|
в роду ковал, кузнечил. А уж Силиных должна быть порода из себя
видная.
— Эх ты, гуран! — огрызнулся Тимошка.
— Какой же я гуран? Гураны с рогами.
— Эвон почта идет, колокольцы звенят. Эх, поехал бы я по всей земле
глядеть, где что есть! — вздохнул Силин.
— Доехал бы до своей деревни, откуда вышел на Амур, — с горестной
усмешкой молвил Пахом.
С открытием почтового тракта опять веселей стало в Уральском. Летнее
движение по реке не касалось крестьян. Лишь изредка приставали к берегу
пароходы и баржи. А зимой каждый проезжий останавливался погреться или
заночевать, беседовал, рассказывал новости.
Три подводы с грузом и сопровождающими солдатами поднялись на берег.
Один из приезжих, скинув шубу, объявил мужикам:
— Я являюсь посланным из канцелярии окружного начальника для
производства переписи живности. — У приезжего было острое веснушчатое лицо
и вздернутый нос. — Извольте мне соответствовать!
— Ах, пострел!.. — пробормотал дед Кондрат. — На что ж тебе наша
живность?
— Я тебе не позволю со мной так разговаривать, — строго сказал писарь
и, подумав, добавил с обидой: — Про то я могу рассуждать.
Остаток дня писарь отдыхал у Бормотовых. Почта ушла.
Писарь объявил, что есть распоряжение с этого года начать взыскивать
с переселенцев ссуду, выданную им для обзаведения на новых местах.
На другой день писарь ходил по домам, производя перепись коров,
лошадей и свиней.
— А медведя-то? — спрашивал Тимошка. — У нас хорошие медведи, умные.
Вот у Кузнецовых Михайло-то: он бревна колет и воду таскает. Запиши-ка.
— Кто это? — переспросил писарь, прослушавший начало рассказа.
— Медведь-то.
Писарь позеленел от злости, но не нашелся, что ответить.
— Вот и церковь построили... Теперь податью поплатиться велят, —
замечала Аксинья. — Все, как в Расее.
— Ладно еще, лекаря не прислали, — говорил Пахом. — У нас в Расее
лекарь ездит, так его просто нельзя принять. Ему перво-наперво подай
кушать. А чем его кормить? Ему наука не дозволяет кушать с нами, ему надо
на особицу. А у нас дома последние годы и куры-то передохли. А хлеб с
гнилушками если подать — кинет. В нашей стороне бедная жизнь.
— Верно, в Расее лекарь, — согласился Егор. Последние дни, что бы ни
делал Егор — молотил ли, ездил ли по дрова, — картины прошлой жизни
вставали в его памяти. Вспомнил он, как на старом месте приезжали писарь и
лекарь. — А то приедут из уезда и начнут назначать — то не смей, это не
моги, сюда не ступай!.. А тут уж такой прижимки нет.
— Как-то наши там поживают? Ох-хо-хо!.. — вздохнул дедушка Кондрат,
явившийся, как и другие мужики, к соседям, где «стоял» писарь. На этот раз
и старик, не в похвалу старой жизни, сравнил ее с новой. — Кланялись
нам... Каторга-то поклон принесла. Душа болит. Мы наладились, а они все
горе мыкают.
Писарь целый день сидел на лавке, ожидая почты, чтобы ехать дальше.

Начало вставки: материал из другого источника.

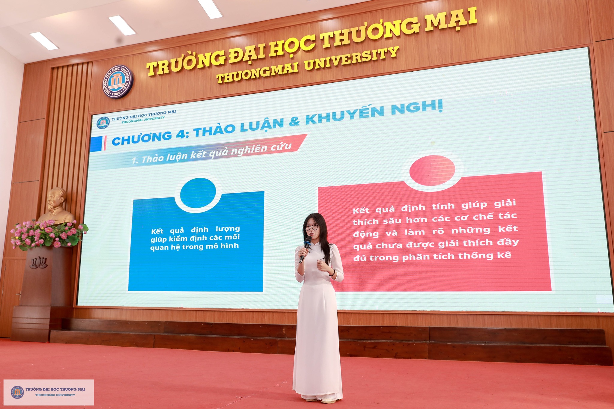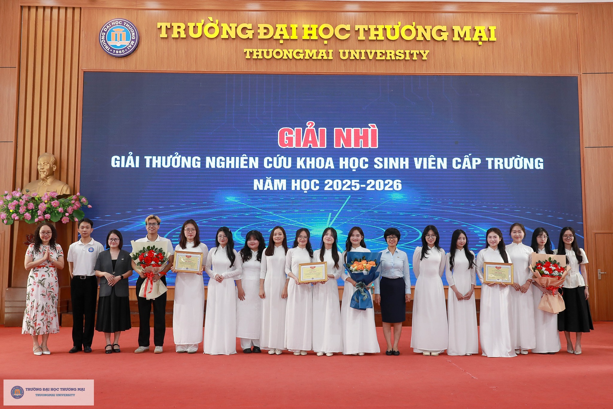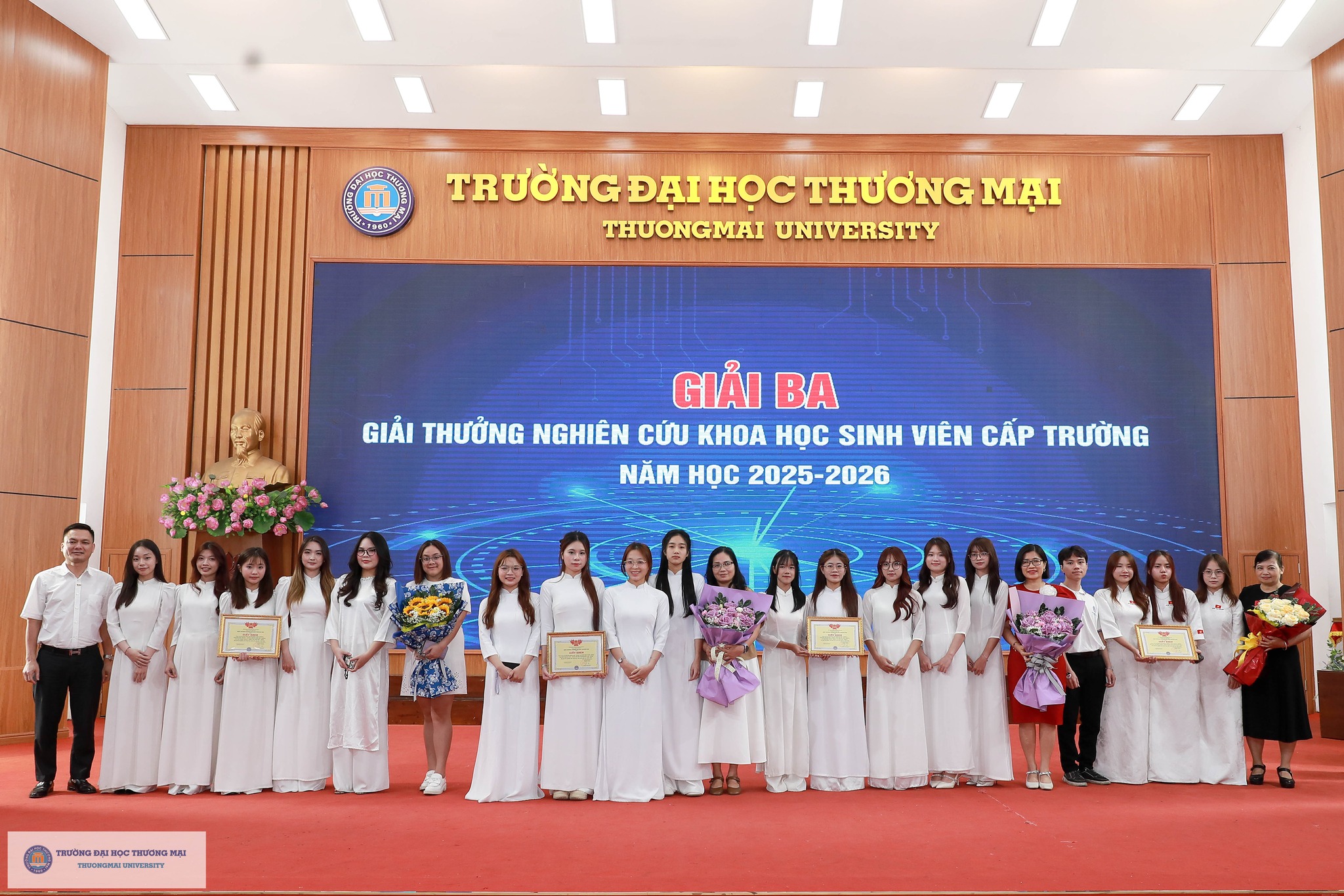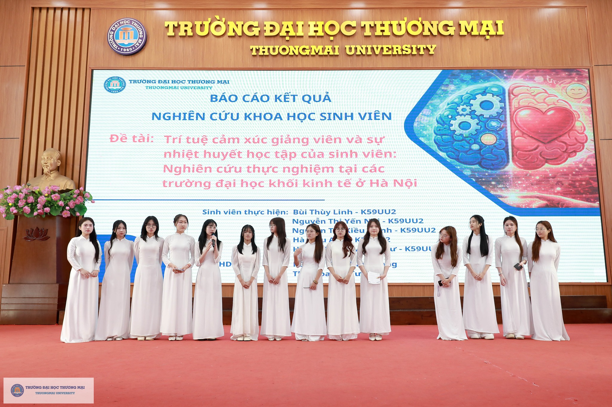 Chương trình Hội nghị báo cáo kết quả nghiên cứu khoa học và vòng thi “Sáng tạo ý tưởng khởi nghiệp” của sinh viên Trường Đại học Thương mại năm 2026 đã thành công tốt đẹp. Điều đặc biệt là, tất cả các hoạt động diễn ra song song trong chương trình đều vinh dự nhận được sự đồng hành Hội Doanh nghiệp trẻ Hà Nội (Hà Nội BA), sự hỗ trợ hết mình của các đơn vị trong Trường và Câu lạc bộ Nhà nghiên cứu trẻ của Trường Đại học Thương mại. Đây là minh chứng cho sự kết nối mạnh mẽ và vững chắc giữa Nhà trường & Doanh nghiệp; giữa Học & Hành; theo sát triết lý giáo dục của TMU: Kiến tạo tương lai (Shape the Future) - Tạo dựng môi trường giáo dục trách nhiệm, chính sách giáo dục đa dạng giúp người học trở thành những cá nhân có tư duy độc lập, sáng tạo, toàn diện cả về trí tuệ và nhân cách, có khát vọng vươn lên; khẳng định thương hiệu TMU trên nền tảng giá trị cốt lõi “Truyền thống – Trách nhiệm – Sáng tạo”.

— Давай-ка пиши нам письма, — молвил дед. — Тебе за это дадим на
водку.
Курносому писарю и самому надоело бездельничать. Он переписал
живность, больше не стало повода бранить мужиков, и писарь поник,
заскучал. Ему хотелось бы выпить, но до сих пор не было предлога
потребовать с мужиков водки. «А теперь у меня есть право», — размыслил он
и быстро, приказав подать водки, достал бумагу и чернильницу.
Щурясь и клоня голову набок, любовался своим почерком. Писал он с
явным презрением к мужикам, как будто не то важно было, что они говорят, а
то, как ловко и с какой манерой водит он пером по бумаге.
Вскоре он опьянел и улегся спать.
«Вот таких-то в Расее хватает, — подумал Егор. — Надо бы и от этого
отбиться, Ваську бы грамоте как следует обучить...»
Ночью пришла почта. Писарь уехал вниз, а письма остались
недописанными.
Егор выехал с почтой вверх: была его очередь ямщичить. На Быстрый
Ключ следовало поспеть к солнечному восходу.
Егор замечал, что в эту зиму из Николаевска стали возить много
казенных грузов. Раз от разу обозы проходили все длинней, все больше
требовалось лошадей и ямщиков, а самой почты часто в кошевках совсем не
было.
Ночь стояла морозная и звездная. На Эккский станок, где был новый
телеграф, совсем не заезжали. Сопровождающий после Экки пересел к Егору в
кошевку и закурил, сидя спиной к ветру. Это был усатый пожилой человек. Он
жаловался, что работы стало больше, что морской порт из Николаевска хотят
переводить, и разные грузы перебрасывают оттуда во Владивосток и
Хабаровку, и что со временем, видимо, вся жизнь перекинется с низовьев
Амура на юг, в Приморье, где земля мягче, где теплей и лучше растут хлеба.
Сопровождающий мечтал построить во Владивостоке домик.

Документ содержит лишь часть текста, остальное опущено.